Stakeholder reactions — a snapshot (paraphrased)

  • Government voices emphasise that schemes are being finalised, pilots evaluated, and that ramp-up is planned for the next fiscal year.
  • Opposition and critics view the low spend as evidence of poor planning and point to a gap between budget rhetoric and delivery.
  • Experts caution that the problem is less about headline allocations and more about operational detail: outcomes measurement, trainer quality, and employer buy-in.
  • Beneficiaries — young jobseekers and trainees — report confusion about how to access internships and worry that certificates may not translate into real jobs.

What policymakers should consider now — practical recommendations

I believe urgency should guide both short-term fixes and longer-term reforms.
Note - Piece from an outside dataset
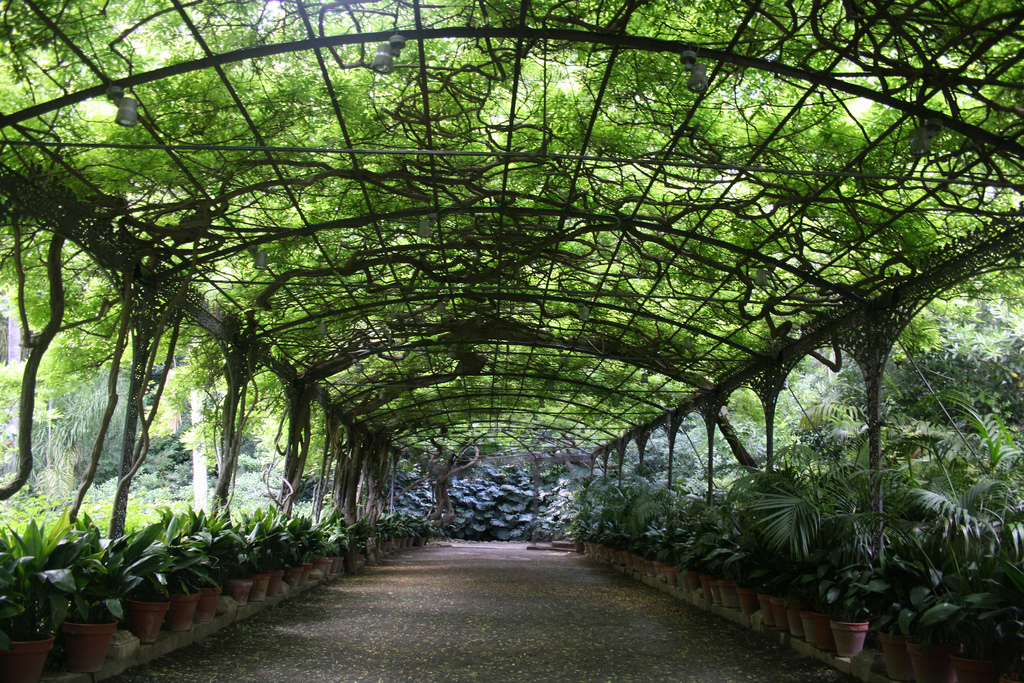 The wisteria arbor, La Concepcion Historical-Botanical Gardens, Malaga, Spain.

Short-term (next 12 months):

  • Fast-track clear operational guidelines and cut unnecessary approval steps so pilots can scale quickly.
  • Release outcome-linked tranches: fund only when milestones (placements, trainer recruitment, curriculum alignment) are met.
  • Incentivise employers to take interns through modest wage top-ups or social-security light carrots tied to verified hires.
  • Improve transparency: publish timely dashboards on spending, placements and absorptions to allow course correction.

Medium- to long-term:

  • Shift focus from quantity of certificates to quality of competency: longer, work-integrated courses and stronger apprenticeship models.
  • Invest in trainer training and curriculum modernization alongside ITI infrastructure upgrades.
  • Align skilling initiatives with demand signals from industry clusters and employment-linked incentive schemes.
  • Use digital tools and AI for scalable, personalised learning while mandating workplace assessments to certify real-world competence.

A final, personal note

I have argued before that skilling is not merely a spending exercise — it is an ecosystem problem that requires coordinated design, industry trust and relentless operational attention (Skills to gain Productivity — my earlier take). The FY26 spending data is a warning: large allocations without an equally large effort on execution risk turning good intentions into missed opportunity. For the millions of young people waiting for their chance, we can’t afford delays. We must move from promises to measurable outcomes — fast.